YOUR TASK -> Please write out only the lines from the line with "そして、急坂を登ってきただけ" to the line with "(女子组第一、二、三名上台领奖)", inclusive, exactly as they stand below, without the pictures.

INFORMATION SHOWN START

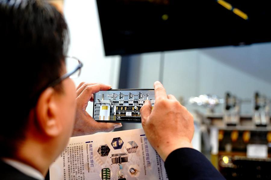 12日、会場に展示された巻き取り式フレキシブル太陽電池パドルを撮影する来場者。(上海=新華社記者/張建松)
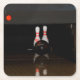 Ein Drink-Untersetzer zeigt ein Bild von zwei Bowling-Buttonen, die kurz davor stehen, von einem Bowlingball zum Reservat niedergeschlagen zu werden.
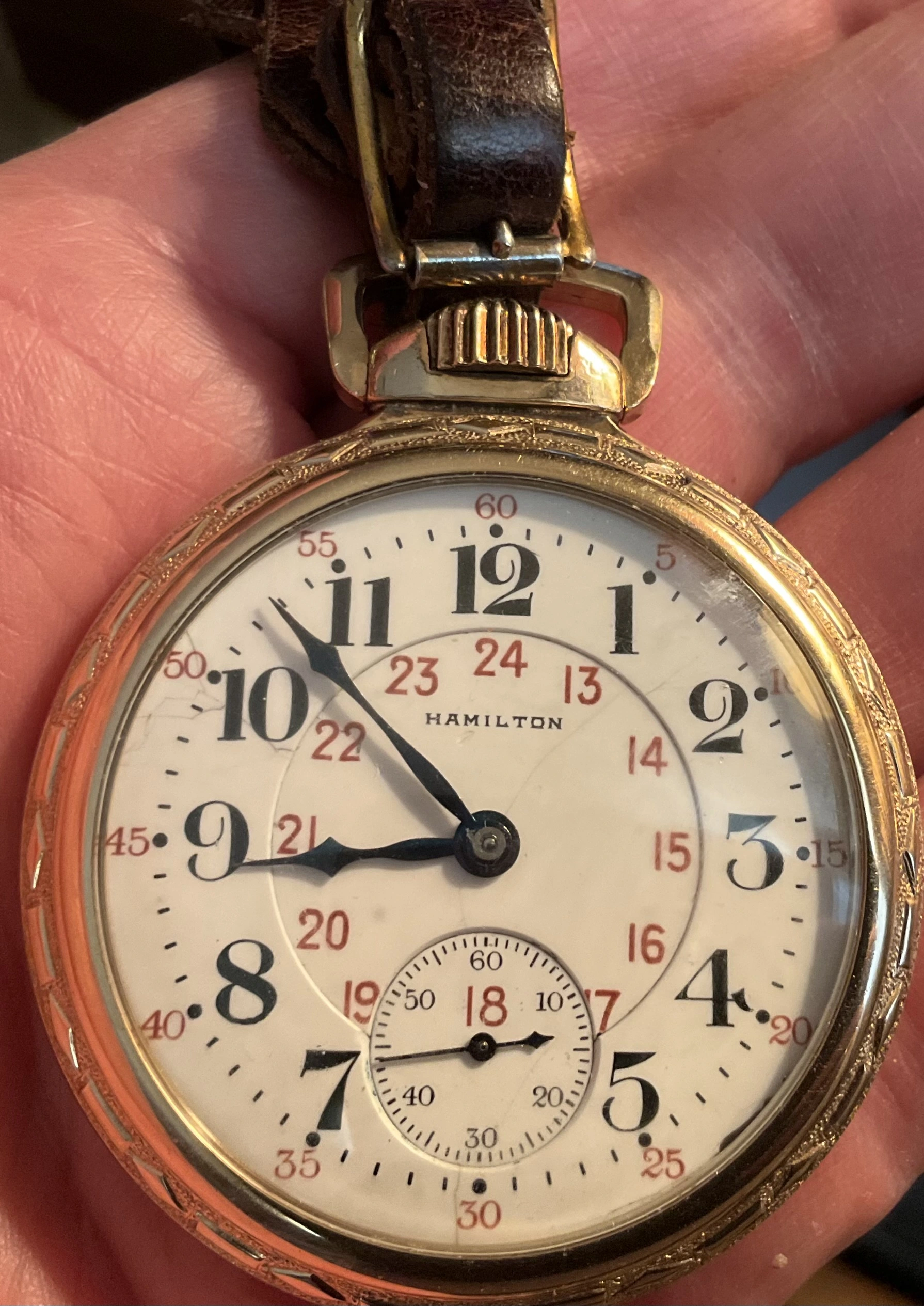 Posts 15,307 Likes 45,000 Canuck 路Oct 22, 2025 One of two today. My 112 year old Hamilton 992, serviced last week. On my @Duracuir1 leather lanyard. https://pocketwatchdatabase.com/search/result/hamilton/1321738
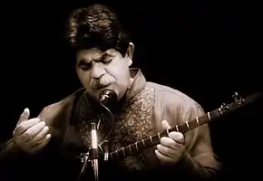 Ali Akbar Moradi (Kurdish: عەلی ئەکبەر مورادی; born 1957) is a well known Kurdish musician and composer.[1][2] He was born in Gahvareh in the Kermanshah Province of Iran. He started music at a very early age, and learned the Kurdish maqam repertoire and tanbur (Kurdish lute) under the supervision of Kurdish masters such as Mirza Sayyed Ali Kafashyan, Kaki Allah Morad Hamidi and Sayyed Vali Hosseyni. He gave his first recital in 1971 in Kermanshah. In 1981, he began collaborating with the Kurdish singer Shahram Nazeri, and performed throughout Europe and North America. He is an expert on the tanbur instrument, which is considered sacred in Kurdish Yarsani[1] and sufi music.
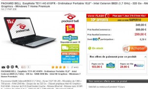 Si vous cherchez un pc portable à moins de 300 euros, il semble bien que le meilleur prix trouvable se trouve du coté de rueducommerce : en effet PACKARD BELL EasyNote TE11-HC-010FR est proposé à 299 euros mais en utilisant le code promo SUPER10 on gagne 10 euros et le prix passe alors à 289 euros ..
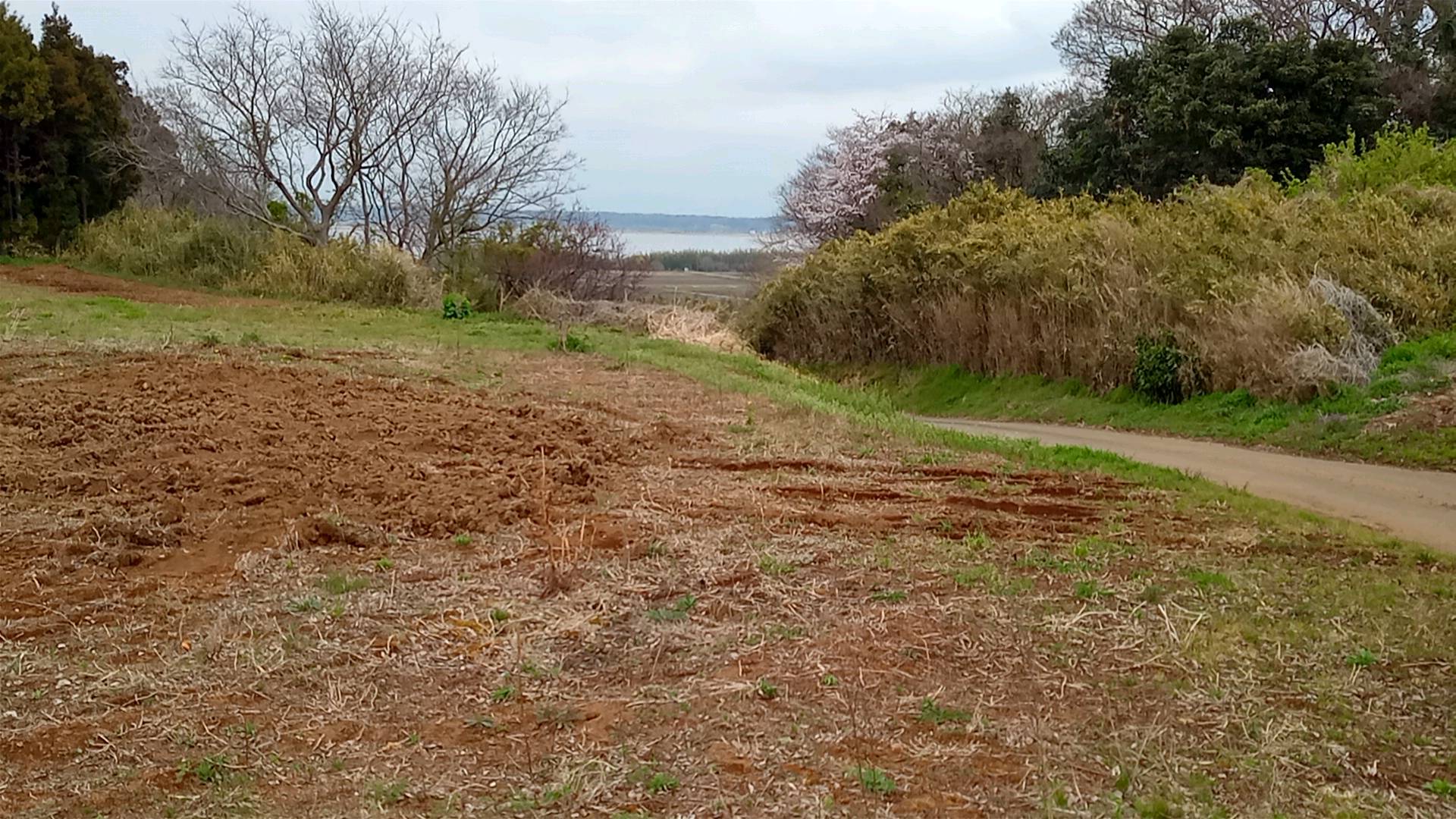 そして、急坂を登ってきただけあって、岡の堂の前から印旛沼を望むことができる。たいへんのびやかな景色である。ただし、順路は印旛沼に向かって伸びる道ではなく、さらに細い畑の中の道を進む。心細い山道は、宗像神社に向かっている。
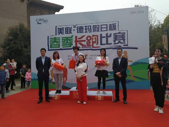 (女子组第一、二、三名上台领奖)
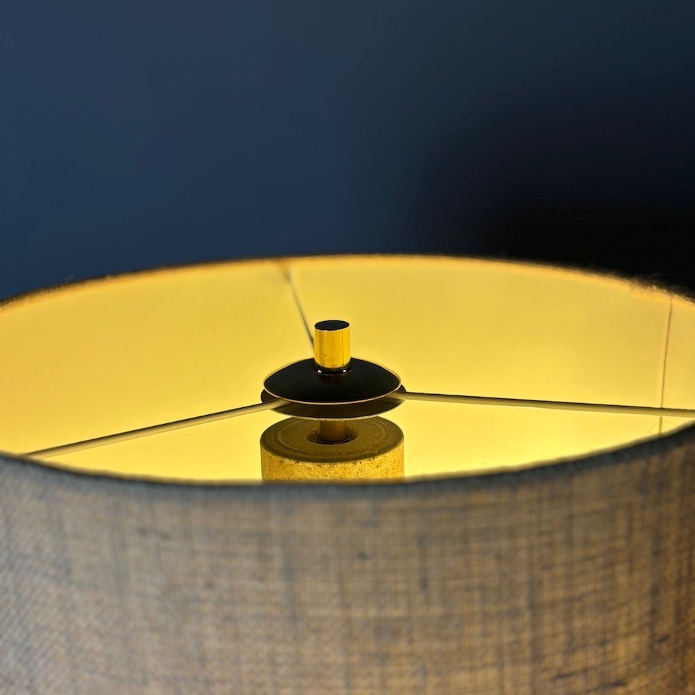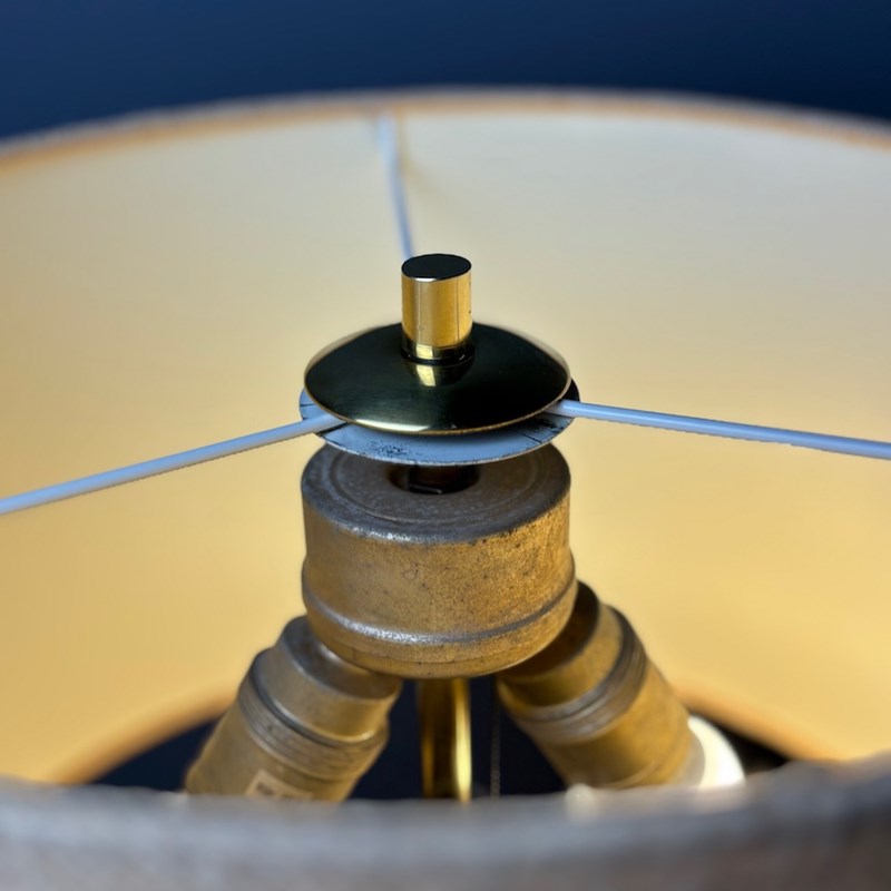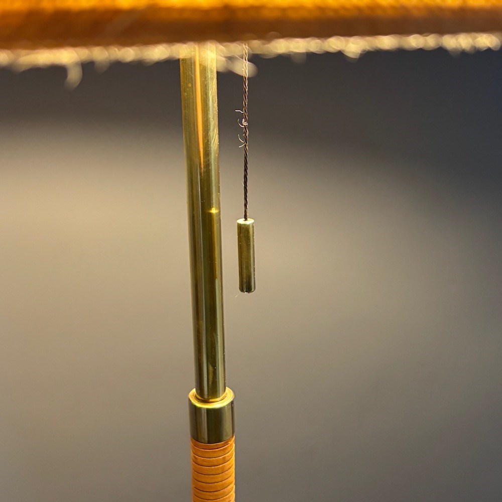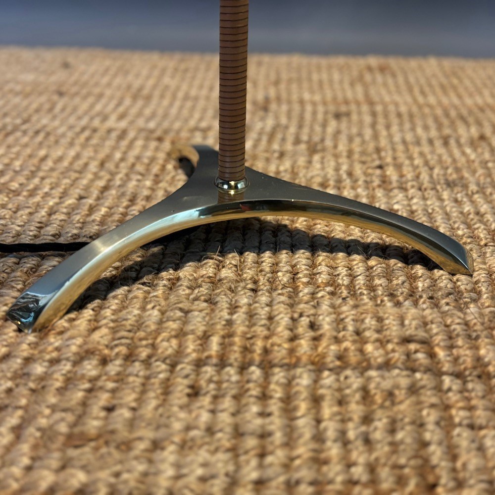 A leather-wrapped standard lamp, mid-20th century, the elegant tapering column finely wrapped in tan leather, rising to a brass stem with pull-switch fitting and raised on a brass three-splayed base. The 2 lightbulbs can be operated separately with the pull switch . The lamp has been rewired with a black braided flex and is PAT tested. The custom-made hessian lampshade is not included in the price.

INFORMATION SHOWN END

OUTPUT ->
 そして、急坂を登ってきただけあって、岡の堂の前から印旛沼を望むことができる。たいへんのびやかな景色である。ただし、順路は印旛沼に向かって伸びる道ではなく、さらに細い畑の中の道を進む。心細い山道は、宗像神社に向かっている。
 (女子组第一、二、三名上台领奖)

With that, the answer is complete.